Now I did all this on my laptop (not the main computer where the modem is connected to). But I don't think this has anything to with it. Or does it? Anyway, I need to set the WPA thing without losing internet access. Thanks.

 

You need to do all settings with a wired connection directly to the router. The router does mini reboots that will bump you off if wireless. I never run any install setup disk, just more un-needed junk on the hd. You will need to enter you ppoe user id and pw manually into the router under the WAN port settings. If you have a modem that is also a router, you need to change it to Bridge mode.

 

Sorry for being clueless, but what is the ppoe user id? How do I know if my modem is also a router? Here is the way my setup is connected. DSL modem to Linksys router via Ethernet cable, then linksys router to computer via Ethernet cable. Now I can do the setup from this computer, right? Also, how do I setup a password only people who know this password can access my network? Thank you so much.

 

Your setup is correct modem to router to pc's.

If you access the admin page move to the WAN/Internet page, enter password when prompted. Look and see what your WAN IP address is, if its a public IP your modem is only a modem, Other wise it may be a combo unit. If so post mfg and model of the modem. If private you will not need to setup PPPoE in the router, use direct connect. But it does not hurt to clone your MAC address.
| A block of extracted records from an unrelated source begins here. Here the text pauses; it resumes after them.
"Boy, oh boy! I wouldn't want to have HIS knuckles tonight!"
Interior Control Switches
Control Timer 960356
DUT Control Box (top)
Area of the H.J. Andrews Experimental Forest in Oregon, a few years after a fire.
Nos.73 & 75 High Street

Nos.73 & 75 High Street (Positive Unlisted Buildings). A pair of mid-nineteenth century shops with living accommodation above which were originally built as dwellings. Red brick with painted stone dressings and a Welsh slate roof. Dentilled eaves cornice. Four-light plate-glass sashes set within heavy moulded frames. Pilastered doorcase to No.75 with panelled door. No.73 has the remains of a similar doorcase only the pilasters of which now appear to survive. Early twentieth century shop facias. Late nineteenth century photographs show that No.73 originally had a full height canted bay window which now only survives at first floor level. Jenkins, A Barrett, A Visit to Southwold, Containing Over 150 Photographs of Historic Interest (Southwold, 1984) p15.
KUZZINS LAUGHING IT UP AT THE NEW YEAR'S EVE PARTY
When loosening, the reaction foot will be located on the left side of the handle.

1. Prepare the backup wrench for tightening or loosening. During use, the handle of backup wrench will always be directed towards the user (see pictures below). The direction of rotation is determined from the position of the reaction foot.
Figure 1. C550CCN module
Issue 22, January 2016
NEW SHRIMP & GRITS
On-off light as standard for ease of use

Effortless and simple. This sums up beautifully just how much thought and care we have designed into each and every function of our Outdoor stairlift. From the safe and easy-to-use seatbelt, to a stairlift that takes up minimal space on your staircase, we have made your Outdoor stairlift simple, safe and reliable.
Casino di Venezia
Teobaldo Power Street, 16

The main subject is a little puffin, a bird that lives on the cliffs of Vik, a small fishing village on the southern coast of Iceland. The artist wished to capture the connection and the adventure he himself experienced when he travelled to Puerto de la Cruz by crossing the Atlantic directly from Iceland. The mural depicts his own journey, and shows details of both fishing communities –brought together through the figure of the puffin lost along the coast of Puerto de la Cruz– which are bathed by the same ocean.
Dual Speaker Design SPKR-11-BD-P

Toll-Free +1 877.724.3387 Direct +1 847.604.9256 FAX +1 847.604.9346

In the setup page for your WAN/Internet you should have several options, PPPoE, Direct connect ...... During your setup for dsl you normally get a user ID, and create a password. At the same time your mac address may be recorded for modem and pc, id you were directly connected to the modem. This info is loaded into the PPPoE connection info. I also recommend cloning your mac address from the PC used to setup the account into the router if it was not in place when you activated your account.

Now to secure the wireless. There should be a wireless tab. This will give you options for channel, SSID, b/g or G only, security.... Select G only if you have no hardware requiring 11b. I recommend changing the SSID to prevent duplications of SSID's if you connect to other networks. Now you will need a security key. I recommend going to www.grc.com and copy a couple of "All Printable Chr" and "letters and numbers", to a notepad doc, and save. Now select WPA(2) personal AES and copy and paste the security string that you saved on a notepad doc. Your wireless is now secure. Now bring up your NB wireless, it should see the new SSID you setup. Select connect, enter (copy & Paste, do not try to type it in) the security string and make sure the sec type is WPA(2) Personal or AES. Once you save it, it should connect. If all is good you can now hide the SSID if you like for added security, but not required since you have a strong security key. Note: Some routers do not like " (double quotes). If you failed connection, try removing the double quotes from the string (router and nb). If that does not work, try using a shorter length string, 20 chr. Most all will connect with 20 chr.

You need to keep this security string to add others or if your forced to reload firmware. You can restrict the range in which the DHCP server gives out. I always change the subnet to something else.